Statistical Analysis and Additional Visualization
Source:vignettes/c_visualization.Rmd
c_visualization.Rmd
Recap: BRFSS data input
Download (if necessary) and input the data from day 2 using readr
url <- "https://raw.githubusercontent.com/mtmorgan/BERD/main/inst/extdata/BRFSS-subset.csv"
destination <- file.path("data", basename(url))
if (!file.exists(destination)) {
dir.create("data")
download.file(url, destination)
}
brfss <- readr::read_csv(destination)
Attach the dplyr package and perform the same initial data transformations, and create subsets of data.
library(dplyr)
brfss_clean <-
brfss |>
mutate(
Year = factor(Year, levels = c("1990", "2010")),
Sex = factor(Sex, levels = c("Female", "Male")),
Log10Weight = log10(Weight)
)
brfss_male <-
brfss_clean |>
filter(Sex == "Male")
brfss_female_2010 <-
brfss_clean |>
filter(Sex == "Female", Year == "2010")
Statistical analysis
t-test
We saw that Males in 2010 seemed to be heavier than Males in 1990
brfss_male |>
group_by(Year) |>
summarize(
n = n(),
ave_wt = mean(Weight, na.rm = TRUE),
ave_log10_wt = mean(Log10Weight, na.rm = TRUE)
)
#> # A tibble: 2 × 4
#> Year n ave_wt ave_log10_wt
#> <fct> <int> <dbl> <dbl>
#> 1 1990 4282 81.2 1.90
#> 2 2010 3679 88.8 1.94
plot(Weight ~ Year, brfss_male, log = "y")
But is this difference statistically significant?

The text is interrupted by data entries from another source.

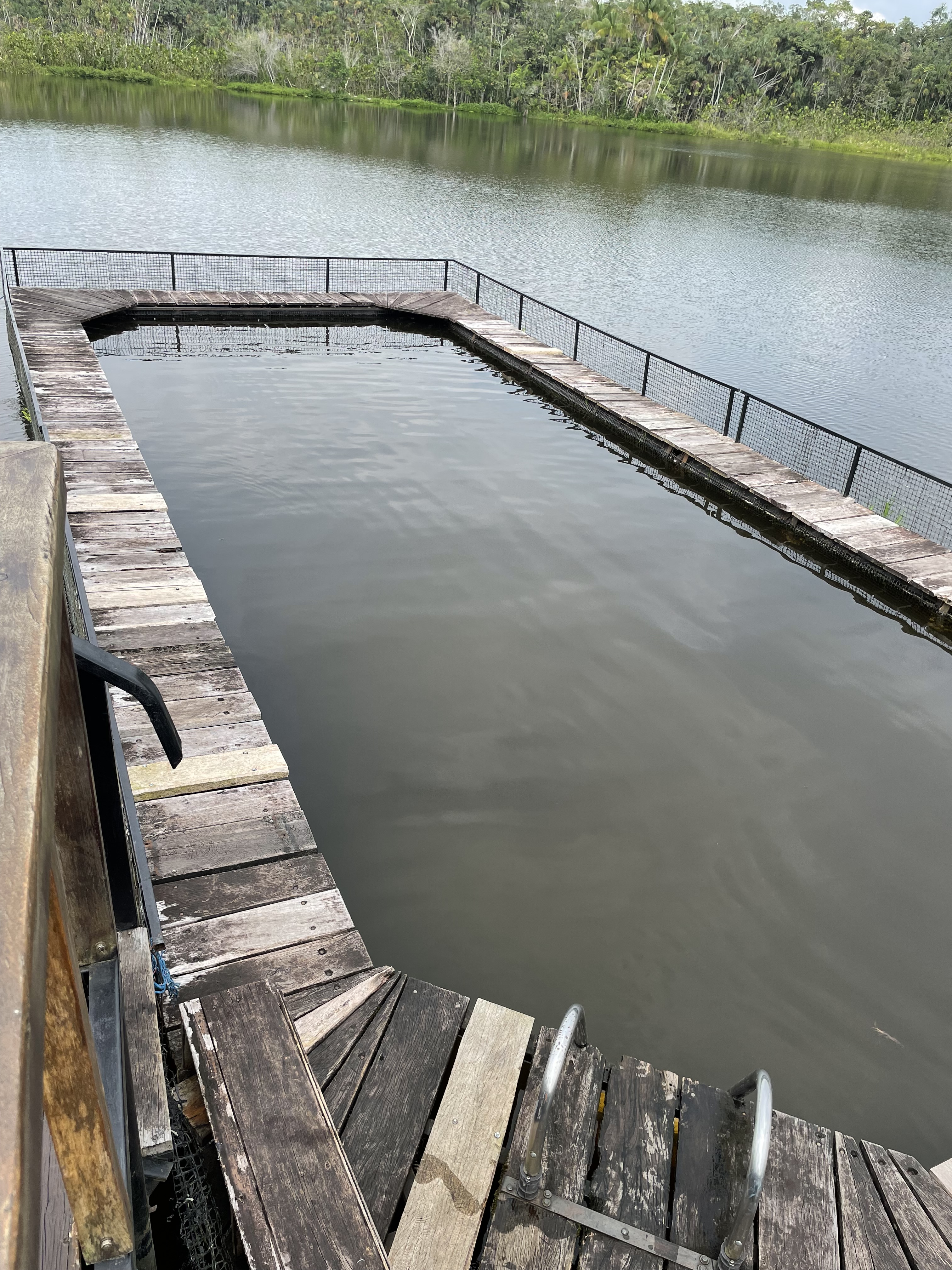 Il paraît qu’ils ne sont pas dangereux… Voire ! On est plutôt rassuré de pouvoir se baigner dans l’eau sombre du lac, dans une piscine-cage, séparés des loutres, poissons, et autres bestioles qui peuplent les lieux !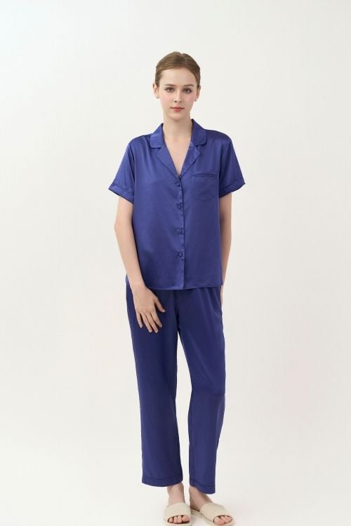 Thỏa sức tận hưởng sự thoải mái và thời trang với bộ đồ ngủ pijama satin cao cấp, mềm mịn với họa tiết xanh thời thượng, viền nổi bật. Thiết kế tay ngắn, quần dài thoải mái, mang đến vẻ đẹp quyến rũ và giấc ngủ ngon giấc.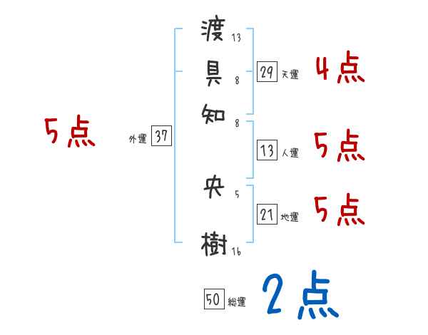 外運![]() | 渡具知央樹さんの外運は37画の5つ星!努力家で順応性に優れる。現実的な考え方ができ忠実に物事をこなす。 生活面を象徴する運勢です。外部から受ける影響力を表し、結婚運、家庭運や職場、環境への順応性を表します。 |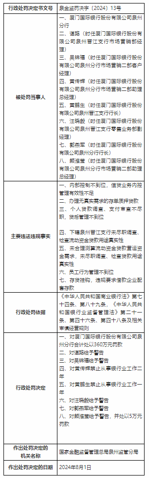 厦门国际银行泉州支行因违规要求贷款公司配套存款等7项违规行为被罚款360万元。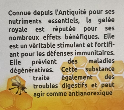 Sécrétée par les abeilles, particulièrement riche en vitamines du groupe B et en oligoéléments la gelée royale est un aliment de luxe aux nombreux bienfaits.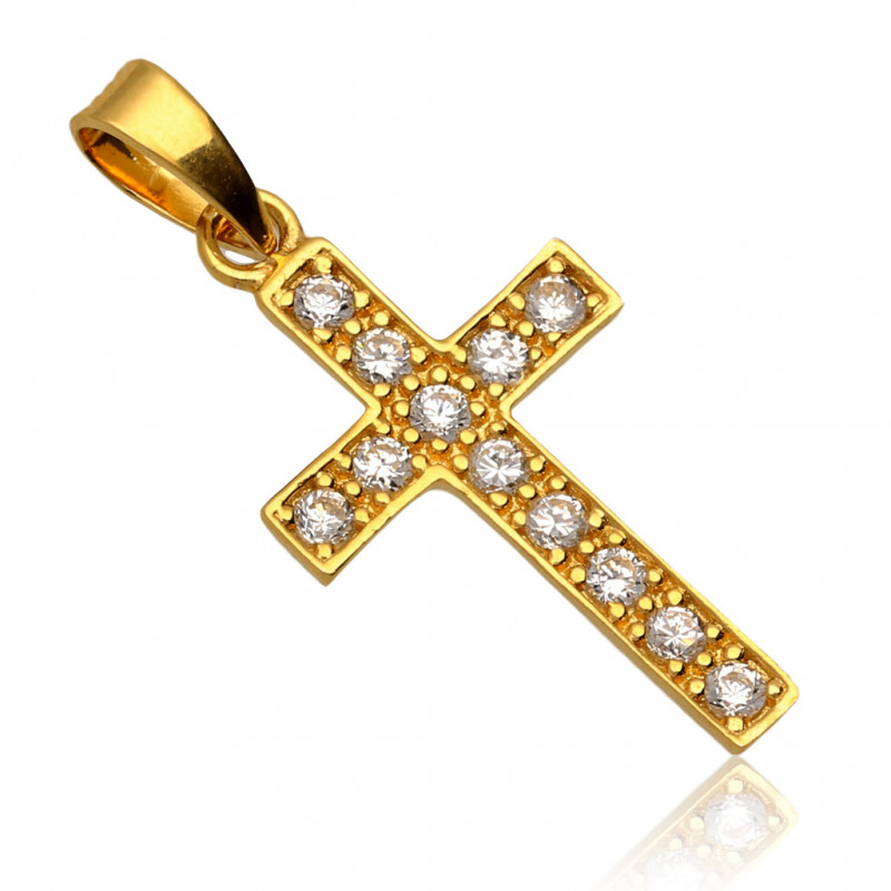 Przedmiotem sprzedaży jest krzyżyk złoty wysadzany cyrkoniami bez wizerunku. Produkt solidnie i precyzyjnie wykonany przez Włoskich producentów z najwyższej jakości złota próby 585/14K.

Answer this using a t-test to compare the mean of two groups.
Start by consulting the help page ?t.test
with ‘Usage’
labeled “S3 method for class ‘formula’”. Use the
Log10Weight
column so that we are comparing log-transformed
Weight.
t.test(Log10Weight ~ Year, brfss_male)
#>
#> Welch Two Sample t-test
#>
#> data: Log10Weight by Year
#> t = -20.202, df = 6985.4, p-value < 2.2e-16
#> alternative hypothesis: true difference in means between group 1990 and group 2010 is not equal to 0
#> 95 percent confidence interval:
#> -0.03971348 -0.03268805
#> sample estimates:
#> mean in group 1990 mean in group 2010
#> 1.903711 1.939912
The p-value displayed here is < 2.2e-16
, so
we are very confident that Males in 2010 are heavier than Males
in 1990.
The ‘sample estimates’ agree with the values we calculated using
group_by()
and summarize()
; this provides us
with some confidence that we have not done something very wrong.
Note that t.test()
actually returns an object
that we can capture and manipulate, e.g., to obtain a vector of group
mean estimates.
t_test <- t.test(Log10Weight ~ Year, brfss_male)
t_test$estimate
#> mean in group 1990 mean in group 2010
#> 1.903711 1.939912
Linear regression
It seems like there was a positive relationship between Height and (log 10) Weight in Females in 2010.
plot(Weight ~ Height, brfss_female_2010, log = "y")
Fitting a linear regression in R is a two-step process
- Use
lm()
to fit the linear model - Use
summary()
oranova()
to assess the statistical significance of the fitted model.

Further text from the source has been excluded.